Is professional development suffering from austerity?

The premier learning experience for federal procurement people, the annual Workshop of the Canadian Institute for Procurement and Materiel Management (CIPPM) offers to the public service specific training in individual procurement subjects and broader exposure to more general topics through presentations by knowledgeable practitioners and executives.

It’s held in Ottawa, meaning public servants based in Ottawa do not have to pay travel and accommodation expenses; the only time away from the office is the two or three days actually in the workshop. Yet attendance has been falling. The May 2013 workshop welcomed participants from about 50 organizations, but there are more than 100 federal organizations. Where once there were 700 attendees, there were 400 this year from a public service of 260,000. Where were the rest? Suffering under austerity?

In my time the almost automatic response to austerity was to cut training. Cutting training saves money easily – it seems a no-brainer. Does this approach reflect the thought process of some who plan and pay for training: get brownie points now for expenditure reduction, and what do they care if the place falls apart after they have been promoted out?

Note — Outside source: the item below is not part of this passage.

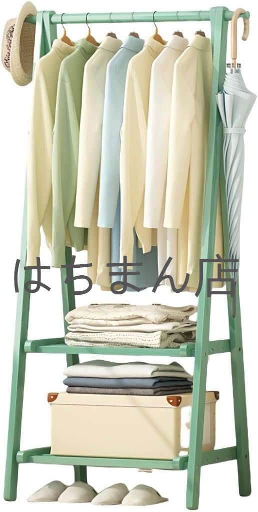 - ハンガーラック 木製 衣類収納ラック 洋服ラック 家庭 頑丈 大容量 幅66cm/86cm/116cm 洋服掛け コートハンガー (緑です,66*40*160cm)
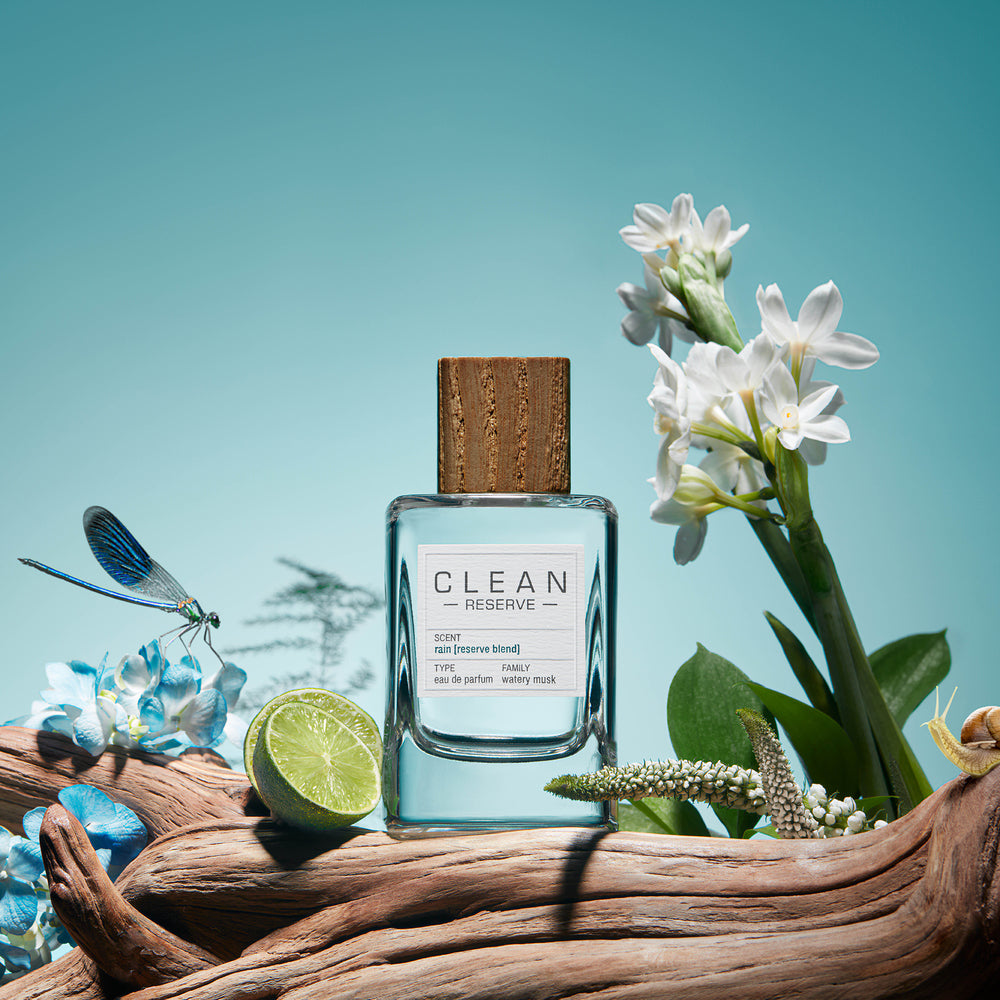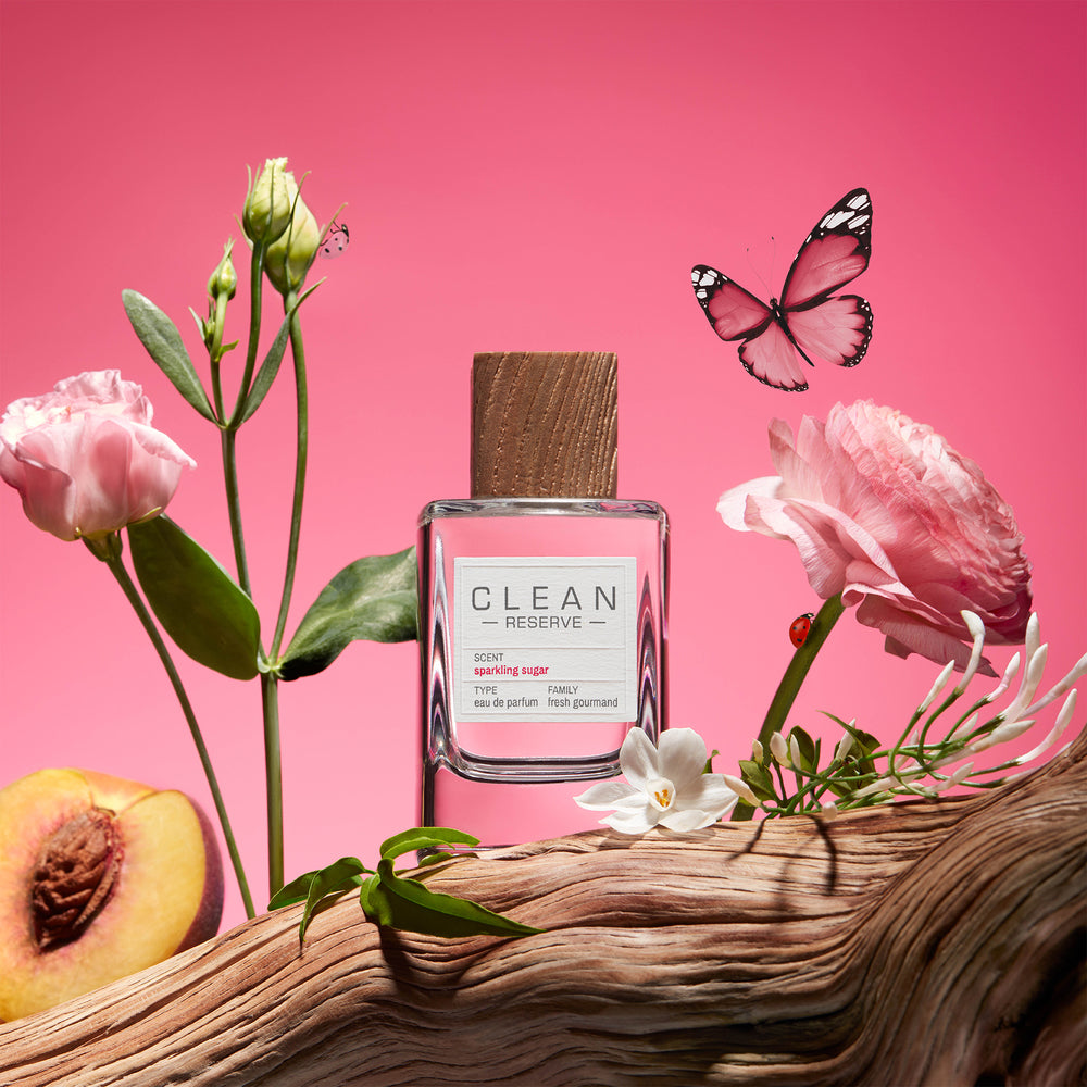 The peachy sweetness of Sparkling Sugar layered over the ozonic freshness of Reserve Rain creates "Sparkling Rain."

A well-executed procurement is inevitably cheaper than a poor one that has to be extensively modified or cancelled and re-done. “Pay me now, or pay me later,” applies directly to procurement by people who do not know. They cannot apply to any procurement activity in-depth knowledge of the procurement business, or how that activity fits into and relates to the business needs and policy priorities of the government. Their outcomes are almost certainly “results” that give less than full value using approaches open to improvement.

Not long ago I was training operational staff in a department, and a procurement officer in attendance took me to task for telling the participants that the Government Contracts Regulations permit sole-source contracting for requirements of less than $25,000, since that department’s internal limit was $10,000.

Hide the GCRs? In effect the suggestion was that procurement would somehow be “better” if those operational managers were operating with less than complete information. Is it possible that departments have unconsciously accepted this perspective: full information and knowledge could be – perhaps is – a dangerous thing?

Less than a month after the Auditor General noted continuing problems with the protection of Canada’s physical and knowledge assets caused by current approaches to security-clearing contractors, thousands of public servants missed the opportunity at CIPPM to learn about ensuring that effective protective measures are actually in place. In a field influenced for years by the decisions of Canadian courts, they missed hearing from a recognized Canadian legal expert about the latest case law decisions. In a work environment increasingly characterized by fiscal restraint, they missed expert counsel on creating an effective framework for business transformation that will permit better service to Canadians within a reduced resource environment.

Procurement people missed, which means that activities and services they provide will also miss. Operational groups – that need to rely on good procurement – also missed. As a result, opportunities for continuous improvements in procurement will be lost.

At the workshop, Procurement Ombudsman Frank Brunetta noted that in his Annual Reports he has emphasized the importance of raising awareness of procurement issues through information exchange, and that his Office emphasizes serving stakeholders by educating.

Comptroller General James Ralston spoke of the importance of professional development for working in a constantly changing environment. Given the billions of dollars spent on contracts every year, and when there is a constant loss of seasoned staff, a sustainable procurement community is of prime importance to the government.

Chief Human Resources Officer Daniel Watson spoke of the importance of giving procurement staff the opportunity to talk with others who do the same work, especially in today’s environment of highly specialized activities performed under high pressure and constantly subject to intense scrutiny.

Please listen to them. The government has to make sure that it has and maintains the knowledge and expertise required to ensure value for money. There has to be priority on ensuring continuous learning for procurement staff.

Visionary managers and executives are constantly expanding staff knowledge and competencies. They know that short-term gain for long-term pain is not a wise investment.

Be one of them. CIPPM 2014 – the 25th anniversary edition – is in Ottawa next May. There is lots of time to ensure that your staff – procurement specialists and their clients – will benefit from this important event.